Vizualise and filter based on mean depth across all called SNPs

Description

This function can be run in two ways: 1) specify vcfR object only. This will visualize the distribution of mean depth per sample across all SNPs in your vcf file, and will not alter your vcf file. 2) specify vcfR object, and set 'maxdepth' = 'integer value'. This option will show you where your specified cutoff falls in the distribution of SNP depth, and remove all SNPs with a mean depth above the specified threshold from the vcf. Super high depth loci are likely multiple loci stuck together into a single paralogous locus. Note: This function filters on a 'per SNP' basis rather than a 'per genotype' basis, otherwise it would disproportionately remove genotypes from our deepest sequenced samples (because sequencing depth is so variable between samples).

Usage

max_depth(vcfR, maxdepth = NULL)

Arguments

vcfR

a vcfR object

maxdepth

an integer specifying the maximum mean depth for a SNP to be retained

Value

The vcfR object input, with SNPs above the 'maxdepth' cutoff removed

Examples

max_depth(vcfR = SNPfiltR::vcfR.example)
max_depth(vcfR = SNPfiltR::vcfR.example, maxdepth = 100)

Vizualise, filter based on Minor Allele Count (MAC)

Description

This function can be run in two ways: 1) Without 'min.mac' specified. This will return a folded site frequency spectrum (SFS), without performing any filtering on the vcf file. Or 2) With 'min.mac' specified. This will also print the folded SFS and show you where your specified min. MAC count falls. It will then return your vcfR object with SNPs falling below your min. MAC threshold removed. Note: previous filtering steps (especially removing samples) may have resulted in invariant SNPs (MAC =0).
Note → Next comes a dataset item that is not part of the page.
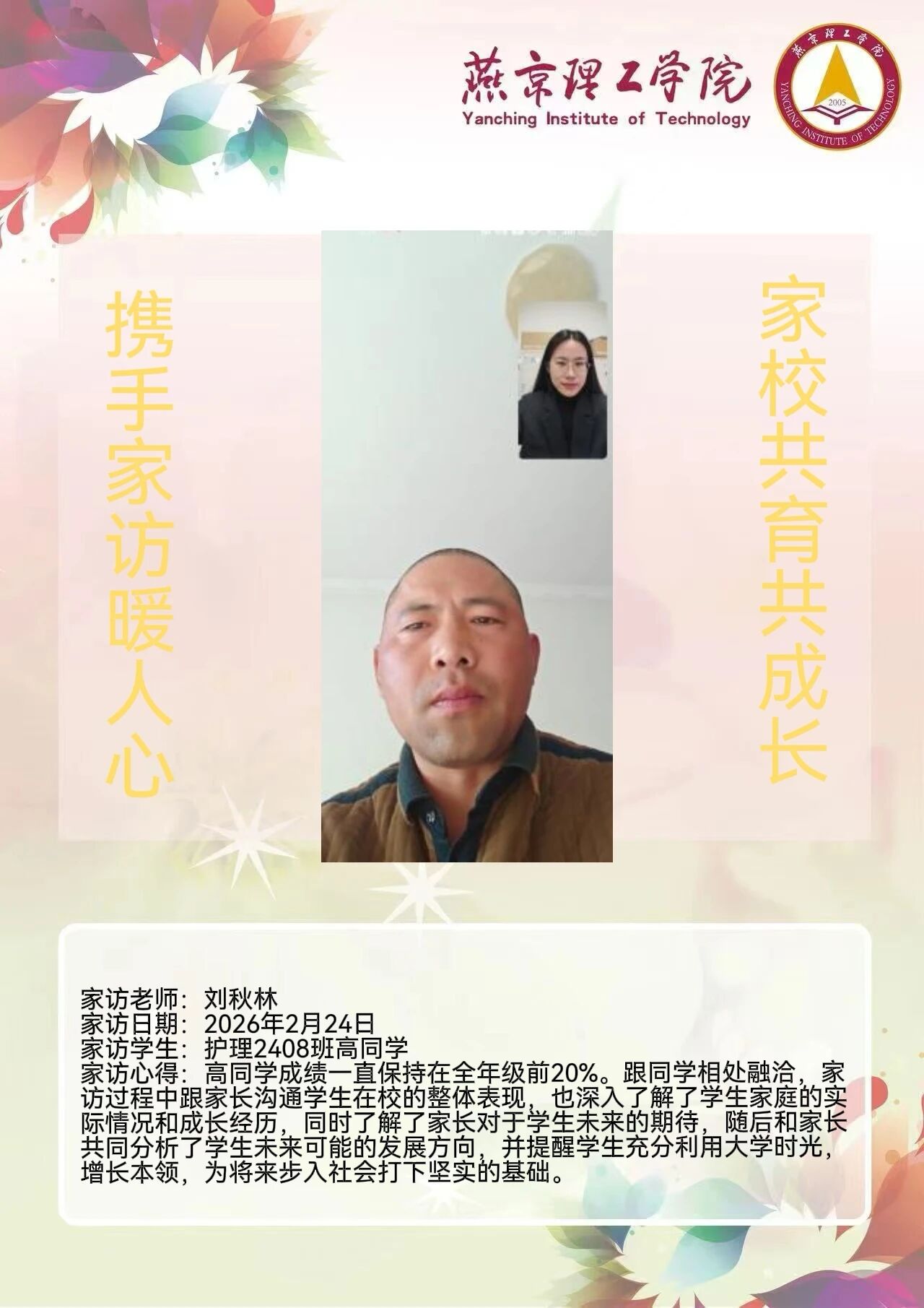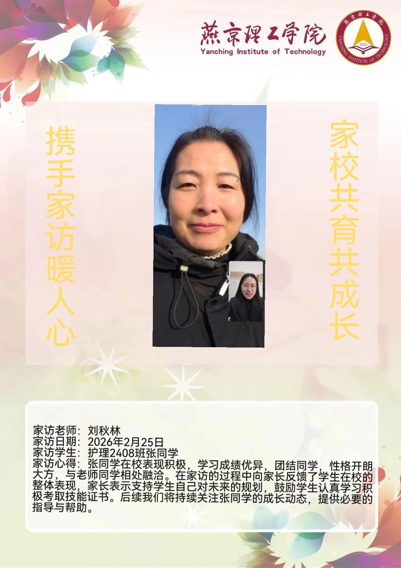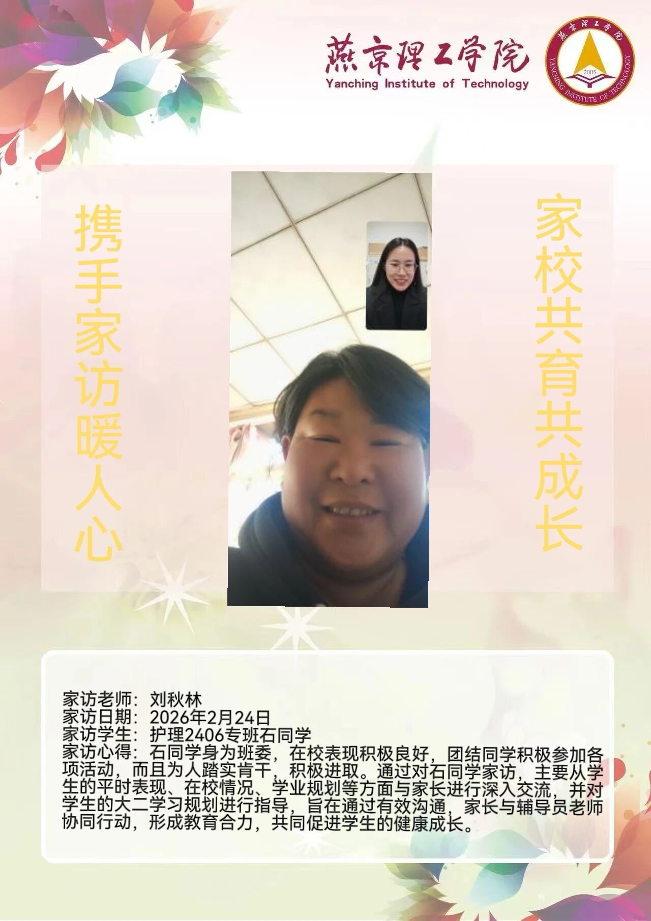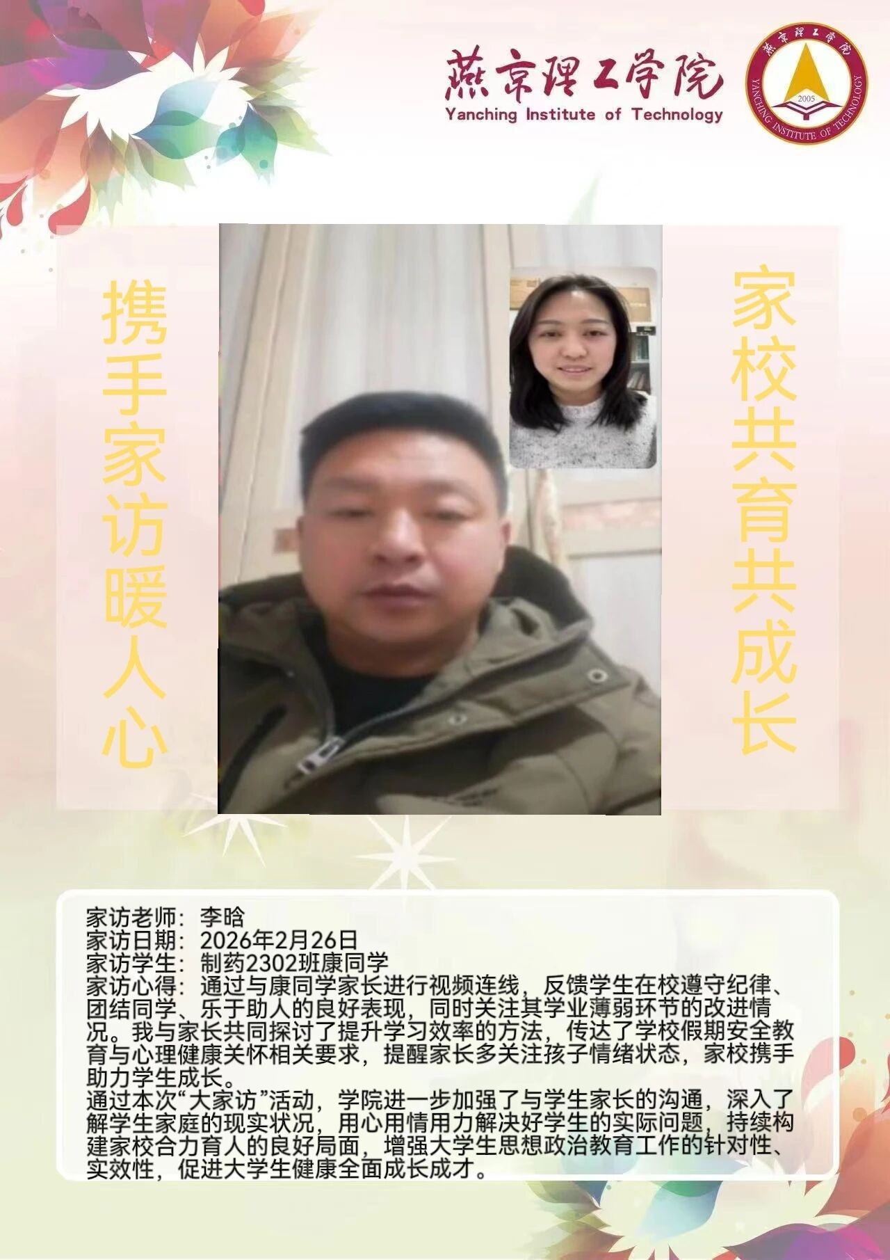 为全面落实立德树人根本任务,深化拓展家校协同育人路径,环境与健康学院于2026年寒假扎实开展了“携手伴成长,家访拓新篇”主题大家访活动。辅导员老师通过线上视频形式与学生家庭开展“面对面”深度对话,将学校的关怀与温暖精准送达学生家庭,筑牢家校协同育人桥梁。 刘秋林老师 侯兴帅老师 李晗老师

For this reason it's a good idea to run min_mac(vcfR, min.mac=1) before using a SNP dataset in downstream analyses.

Usage

min_mac(vcfR, min.mac = NULL)

Arguments

vcfR

a vcfR object

min.mac

an integer specifying the minimum minor allele count for a SNP to be retained (e.g. 'min.mac=3' would remove all SNPs with a MAC of 2 or less)

Value

if 'min.mac' is not specified, the allele frequency spectrum is returned. If 'min.mac' is specified, SNPs falling below the MAC cutoff will be removed, and the filtered vcfR object will be returned.

Examples

min_mac(vcfR=SNPfiltR::vcfR.example)

Vizualise missing data per sample, remove samples above a missing data cutoff

Description

This function can be run in two ways: 1) Without 'cutoff' specified. This will vizualise the amount of missing data in each sample across a variety of potential missing data cutoffs. Additionally, it will show you a dotplot ordering the amount of overall missing data in each sample. Based on these visualizations, you can make an informed decision on what you think might be an optimal cutoff to remove samples that are missing too much data to be retained for downstream analyses. 2) with 'cutoff' specified. This option will show you the dotplot with the cutoff you set, and then remove samples above the missing data cutoff you set, and return the filtered vcf to you.

Usage

missing_by_sample(vcfR, popmap = NULL, cutoff = NULL)

Arguments

vcfR

a vcfR object

popmap

if specifies, it must be a two column dataframe with columns names 'id' and 'pop'. IDs must match the IDs in the vcfR object

cutoff

a numeric value between 0-1 specifying the maximum proportion of missing data allowed in a sample to be retained for downstream analyses

Details

Note: This decision is highly project specific, but these visualizations should help you get a feel for how very low data samples cannot be rescued simply by a missing data SNP filter. If you want to remove specific samples from your vcf that cannot be specified with a simple cutoff refer to this great tutorial which is the basis for the code underlying this function.

Value

if 'cutoff' is not specified, will return a dataframe containing the average depth and proportion missing data in each sample. If 'cutoff' is specified, the samples falling above the missing data cutoff will be removed, and the filtered vcfR object will be returned.

Examples

missing_by_sample(vcfR = SNPfiltR::vcfR.example)
missing_by_sample(vcfR = SNPfiltR::vcfR.example, cutoff = .7)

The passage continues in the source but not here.